Apa, sebetulnya penyebab kondisi tak menentu ini? Ternyata ada beberapa kondisi yang rentan membuat kemungkinan ibu baru mengalami Postpartum Depression meningkat. Penting banget dimengerti oleh para ibu baru dan juga orang-orang di sekitarnya:
1. Kelelahan
Menurut penelitian, kelelahan atau perasaan sangat lelah dapat meningkatkan 7 hingga 27 kali lipat kejadian postpartum depression. Saat fisik merasa sangat lelah, kurang tidur, punggung rasanya mau copot karena terus-terusan menyusui, akal juga ikut merasa lelah sehingga memunculkan depresi, menganggap bahwa kita tidak mampu. Well, inilah mengapa banyak orang yang bilang, "It is oke, untuk mencari bantuan dari siapapun untuk mengurus bayi." Dan saya setuju itu.
Baca juga:
Ibu yang Bahagia Katanya Melakukan 7 Hal Ini
2. Tangisan bayi yang tak berhenti
Bayi yang menangis terus menerus dapat meningkatkan risiko terkena postpartum depression hingga 4 kali. Bayi menangis memang banyak sebab, karena itu kan cara satu-satunya dia berkomunikasi. Entah tak nyaman dengan bajunya, perutnya yang lapar, atau tak nyaman dengan udara sekitarnya. PR terberatnya adalah mencari tahu penyebab bayi menangis, yang terkadang hanya dia dan Tuhan yang tahu. Tapi, sadarilah, bahwa menjadi orangtua adalah belajar. Termasuk belajar mengartikan tangisan bayi. Dan hal ini butuh waktu, jadi bersabarlah.
3. Merasa tidak didukung dan tidak siap
Banyak orangtua baru yang memilih untuk mengasuh bayi sendiri dengan pengetahuan yang ia miliki. Hasilnya, saat ada hal yang tidak sesuai dengan ilmunya, depresi pun muncul. Padahal, tak apa, lho mendengarkan masukan dari eyang atau orangtua kita untuk sekadar menambah pengetahuan. Nyatanya hal ini bisa mengurangi sedikit rasa cemas yang berujung pada depresi.
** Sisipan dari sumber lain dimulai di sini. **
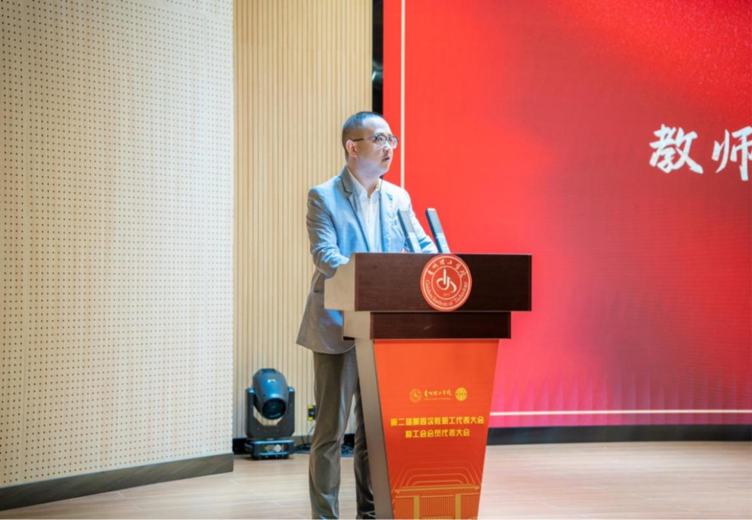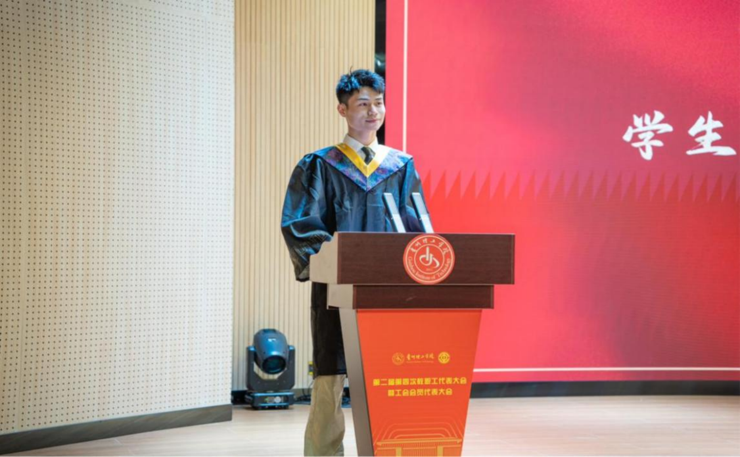 化工原理教研室主任罗孜作为教师代表发言,他介绍,贵州理工学院自成立以来,一直秉承“知行至善,厚积薄发”的校训,致力于培养德才兼备的社会栋梁之才,学校拥有一支高素质的教师队伍,他们不仅在学术上给予学生指导,更在生活中给予关怀,为学生的全面发展提供了坚实的基础。他鼓励毕业生们继续保持好奇心和探索精神,勇敢面对未来的挑战,并将贵州理工学院的精神传承下去。

4. Suasana hati tidak stabil sejak kehamilan
Suasana hati yang tidak stabil biasanya dipengaruhi oleh rasa tidak percaya diri, pengalaman dan ketidaktahuan tentang proses persalinan. Awalnya kan kita membayangkan persalinan itu semacam proses yang menyenangkan, karena tak lama sang ibu akan bertemu bayi. Kenyataannya, rasa sakit, proses yang lama, apalagi bila ditambah dengan terjadinya hal-hal yang tak diharapkan, membuat seorang wanita menjadi lebih rentan mengalami stres. Stres yang berkepanjangan ini jugalah yang mudah berkembang menjadi pikiran negatif. Ujungnya, ibu pun menganggap bahwa dirinya 'ibu yang buruk' atau bahkan gagal menjadi ibu.
Jadi untuk para ibu baru di luar sana, begitu mengalami perasaan nggak nyaman, jangan ragu mencari teman bicara ya :).